The number of his paintings in the portraiture and still life genres is approximately equal. The Israeli period includes a large series of landscapes, a few still-lives and portraits.

He took part in several large exhibitions, including some all-USSR and republic (Russia, Ukraine) displays. From 1970, as a matter of principle, he refused, with rare exceptions, to participate in official exhibitions. He held two solo exhibitions: 1997 in Odessa at the Jewish Cultural Center  and 2002 in Berlin (Germany) at the Russian Center of Science and Culture. Several landscape works in 1973 were purchased by one of the world's largest private art galleries of twentieth-century art, Gekkoso (Japan), and exhibited as part of international exhibitions of Soviet art.

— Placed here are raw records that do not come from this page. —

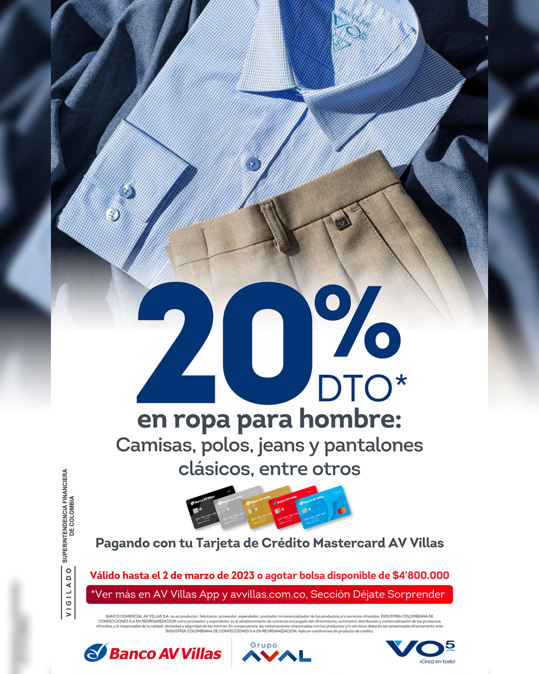 Válido los jueves: Diciembre: 29 de 2022, enero: 5, 12, 19, 26, febrero: 2, 9, 16, 23, marzo: 2 de 2023 o hasta agotar bolsa disponible de $4.800.000. No es acumulable con otras promociones. Descuento solo aplica para tiendas físicas. BANCO COMERCIAL AV VILLAS S.A. no es productor, fabricante, proveedor, expendedor, prestador ni comercializador de los productos y/o servicios ofrecidos. INDUSTRIA COLOMBIANA DE CONFECCIONES S.A EN REORGANIZACION como proveedor y expendedor es el establecimiento de comercio encargado del ofrecimiento, suministro, distribución y comercialización de los productos ofrecidos y el responsable de la calidad, idoneidad y seguridad de los mismos. En consecuencia, las reclamaciones relacionadas con los productos y/o servicios deberán ser presentadas directamente ante INDUSTRIA COLOMBIANA DE CONFECCIONES S.A EN REORGANIZACION. Aplican condiciones de producto de crédito.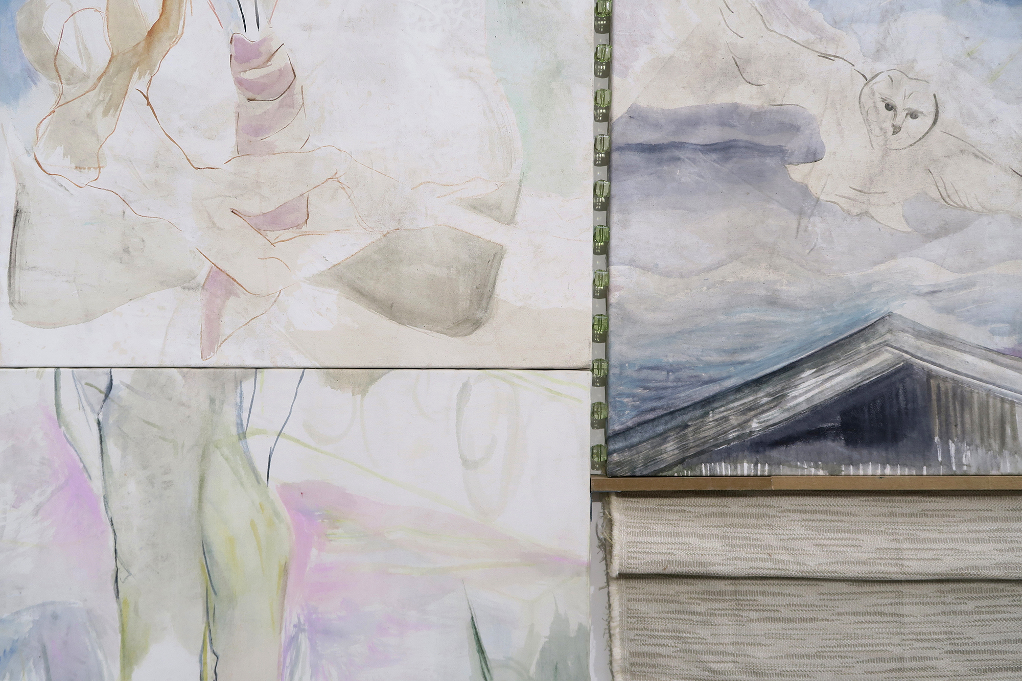 Puzzle, 2019 ; watercolour and gesso on canvas, artist frame in oak wood; 28,5 × 42,5 cm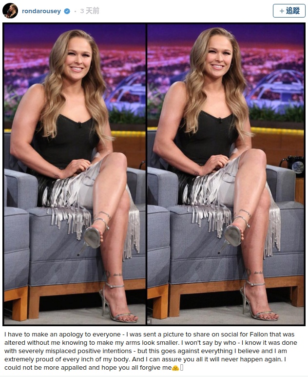 話說這名奧運柔道冠軍、UFC 拳手兼武打女星,早前出席《The Tonight Show with Jimmy Fallon》接受訪問,其後 Rousey 的 Instagram 上載接受訪問的相片,很多粉絲 Like 了相片和留下評論。一天之後,Rousey 突然在 Instagram 公開發表道歉聲明,原來她的宣傳團隊在未經 Rousey 同意下私自修改了相片,把原本比較粗壯的手臂變瘦。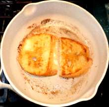 Выложить ломтики хлеба в разогретую сковороду со сливочным маслом.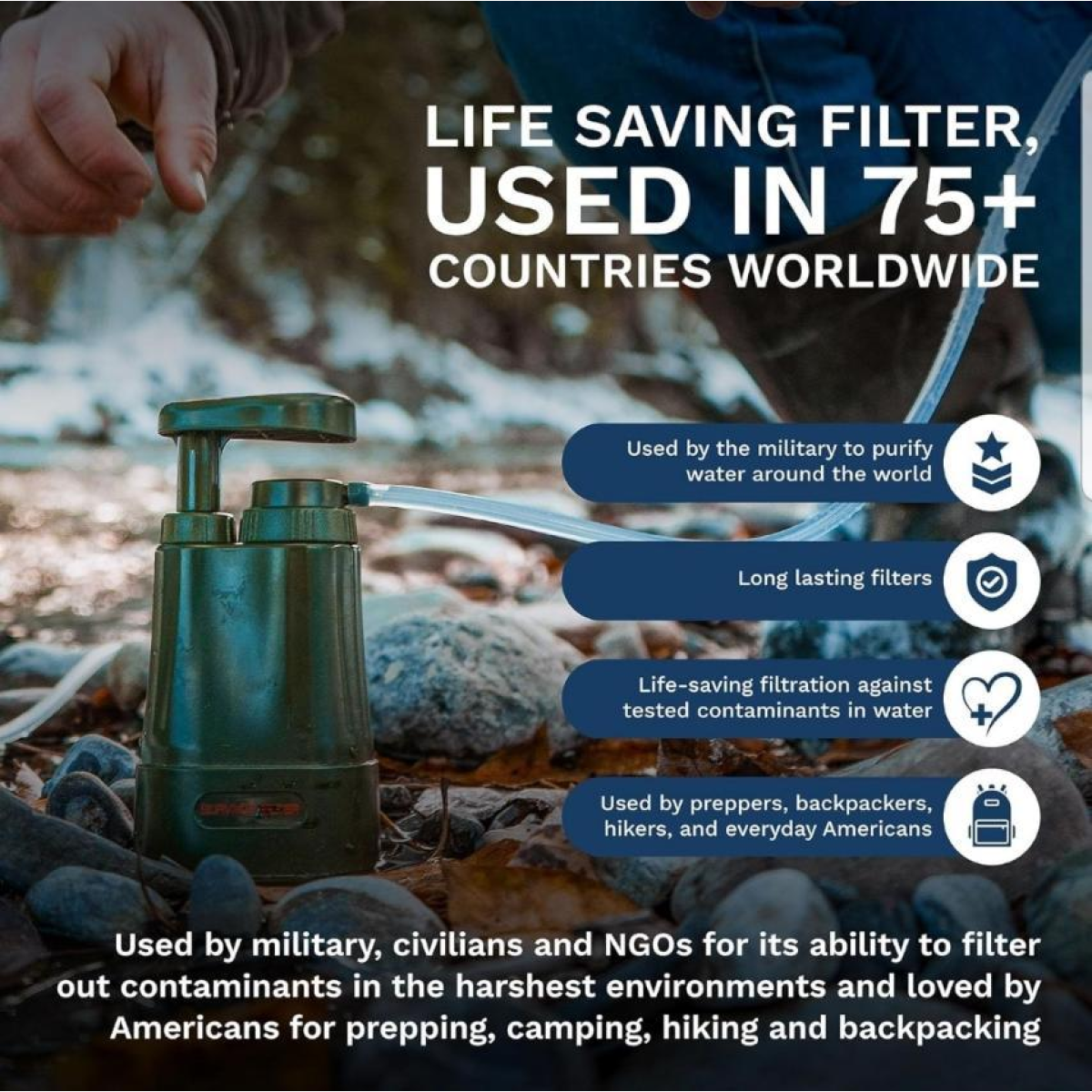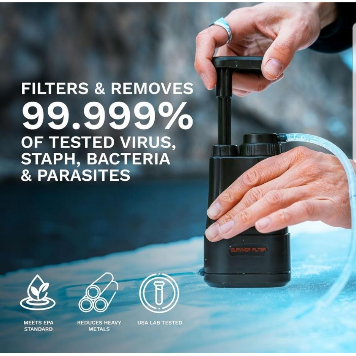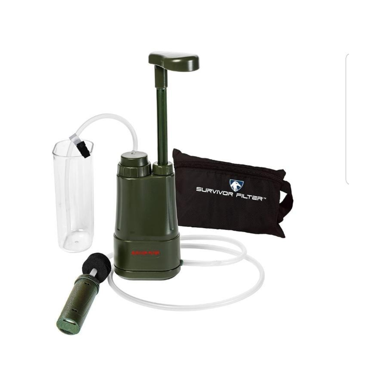 Похідний фільтр для води Survivor Filter PRO Ресурс 100итих літрів Вага: 365 грамів Швидкість фільтрації 0,5 літра на хвилину. Затримує як органіку, так і віруси. Розміри: 8см х 5см х 16.5см Ця модель виробляється з 2014 року та завоювала на Амазон позитивний рейтинг і багато позитивних відгуків. Компактний і простий у використанні — вага 12,8 унцій, це легкий і компактний похідний фільтр для води. Система фільтрації води, схвалена для виживання, походів, кемпінгу та пішого туризму. Фільтр для води Backpacking — Простий у використанні фільтр для води. З цим похідним фільтром для води не потрібно заряджати або чекати на чисту воду. У комплекті чашка, сумка, фільтри, трубки та інструкція з експлуатації. Супершвидка витрата — Цей фільтр для води для виживання має швидку витрату 500 мл (17 унцій) за хвилину. Використовуйте прямо з будь-якого джерела прісної води, перебуваючи в дорозі. Стандарти тестування — фільтр для очищення води без BPA для кемпінгу. Видаляє 99,999% перевірених вірусів, стафілококів, бактерій і найпростіших і знижує вміст важких металів відповідно до стандартів NSF/ANSI.

Creative works of the artist are represented in the collections of public art museums in Ukraine, in private collections in Ukraine, USA, Canada, Germany, the UK, Israel and Russia. The narrative-thematic paintings, created in the 1960s – 1970s on the orders of the Soviet Art Fund in realistic style can be found in current directories of galleries across Ukraine and Russia.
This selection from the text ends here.